South Carolina House Votes to Remove Confederate Flag From the Capitol Grounds

Photo by Albert Cesare/The Montgomery Advertiser via AP
The fight to take down the Confederate flag from the South Carolina Capitol has come to an end, 15 years after lawmakers’ initial attempt

The South Carolina Senate and House of Representatives have voted in favor of removing the Confederate flag from its State Capitol grounds.

In a 37-3 vote, the Senate voted to take the flag down on Monday, and after a 13-hour debate yesterday in the House of Representatives, lawmakers voted to remove the flag, as well. According to the L.A. Times, the flag is being taken down 54 years after it was first raised over the Capitol to celebrate the 100th anniversary of the Civil War.

RELATED: Bree Newsome Speaks Out After Removing Confederate Flag from South Carolina Capitol

“The South Carolina Senate today rose to this historic occasion, with a large majority of members from both parties coming together in the spirit of unity and healing that is binding our state back together and moving us forward in the right direction,” South Carolina Gov. Nikki Haley said in a statement. “I applaud the Senate's decisive action, look forward to the Senate giving the bill third reading in the morning, and ask that the House act swiftly and follow the Senate's lead.”

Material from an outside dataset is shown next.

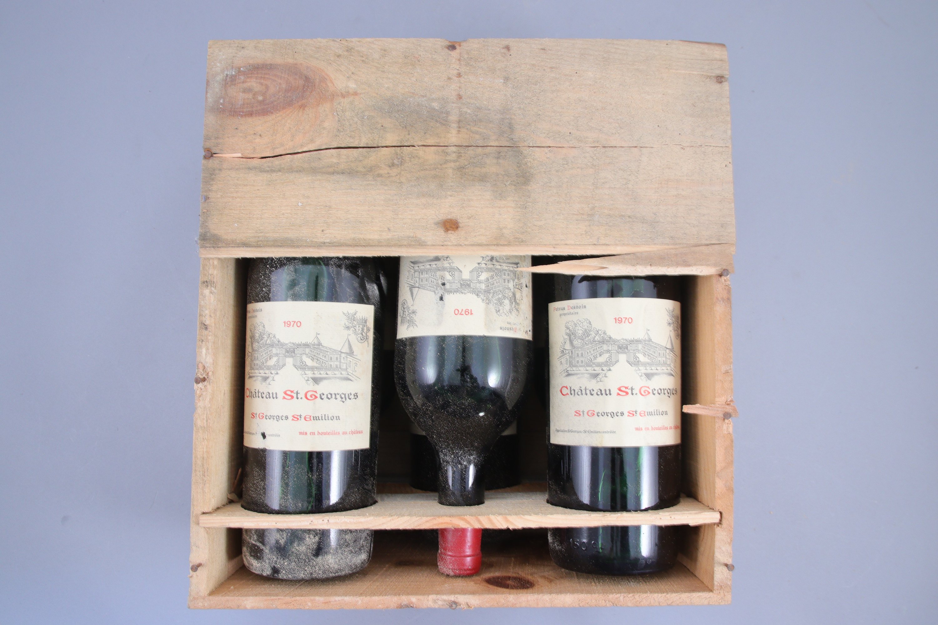 SAINT-EMILION, Château Saint-Georges, 1970, 6 magnums. Niveau variable entre bas goulot et très légèrement bas. Dans leur caisse ouverte.

The push to remove the Confederate flag has gained steam recently since 21-year-old Dylann Roof entered Emanuel AME Church three weeks ago and fatally shot nine Black church members during bible study, including Rev. and State Sen. Clementa Pinckney. Photos from Roof’s social media page show the killer posing with the flag and boasting about White supremacy. Two weeks ago, civil rights activist Bree Newsome climbed the pole in front of the SC State Capitol and removed the flag herself.

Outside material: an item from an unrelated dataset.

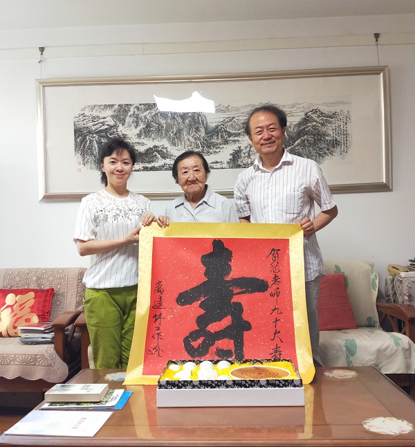 王华副处长首先代表离退休工作处祝范老师身体健康,万事如意,幸福长寿,天伦永享,并为老寿星送上祝寿礼物及“寿”字斗方,范老对我们的到来感到很高兴。

RELATED: South Carolina Governor: 'It's Time to Remove the Confederate Flag'

“For the widow of Sen. Pinckney and his two young daughters, that would be adding insult to injury [not taking down the flag] and I will not be a part of it!” Rep. Jenny Horne (R) said during the House debate.

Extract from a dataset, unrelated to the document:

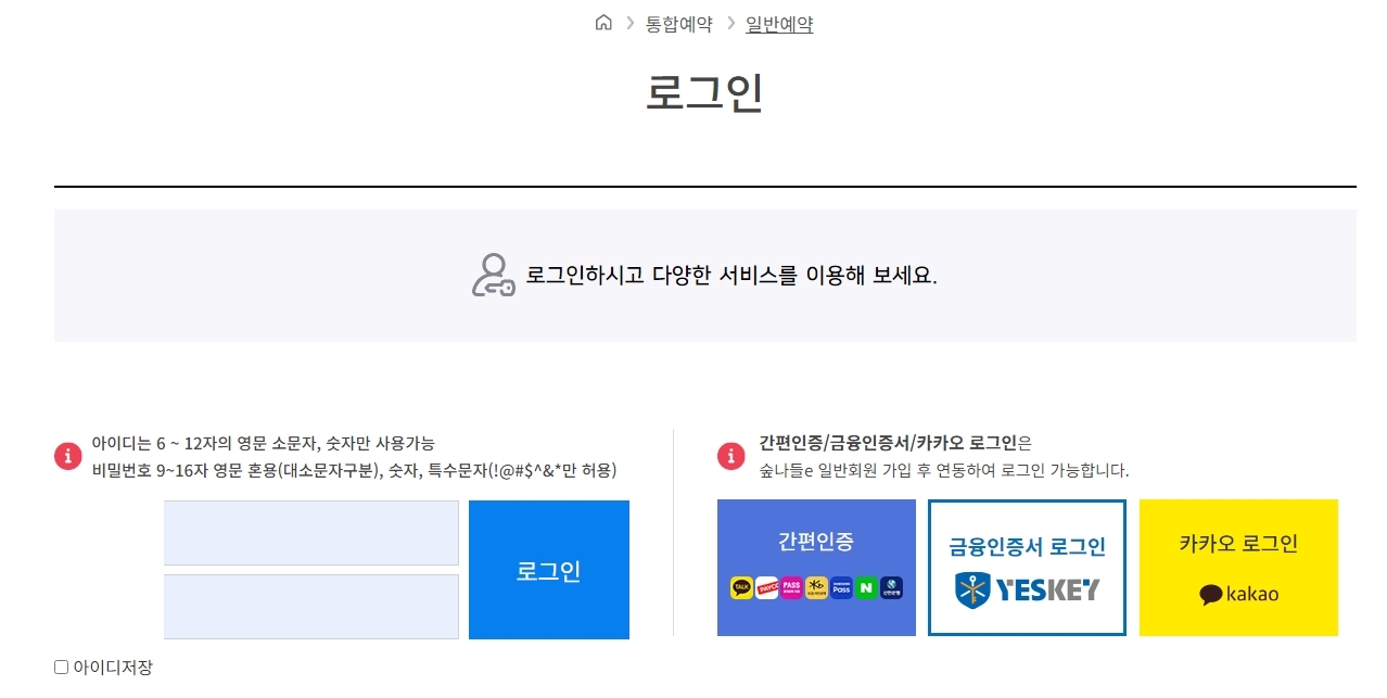 마음에 드는 방을 골라서 '예약하기'를 누르면, 아마 로그인을 하라고 나올 거예요. 숲나들e 회원가입이 되어 있으시면 아이디/비번으로 로그인하시면 되고요.

People who oppose the flag’s removal argue that it represents Southern culture.

“I’m more against taking it down in this environment than any other time just because I believe we’re placing the blame of what one deranged lunatic did on the people that hold their Southern heritage high,” said State Senator Lee Bright to CBS News. 

Governor Haley, who has voiced her support for the removal of the flag, will sign the legislation today at 4 p.m. ET. According to the bill, the flag must be taken down within 24 hours of Haley signing the legislation.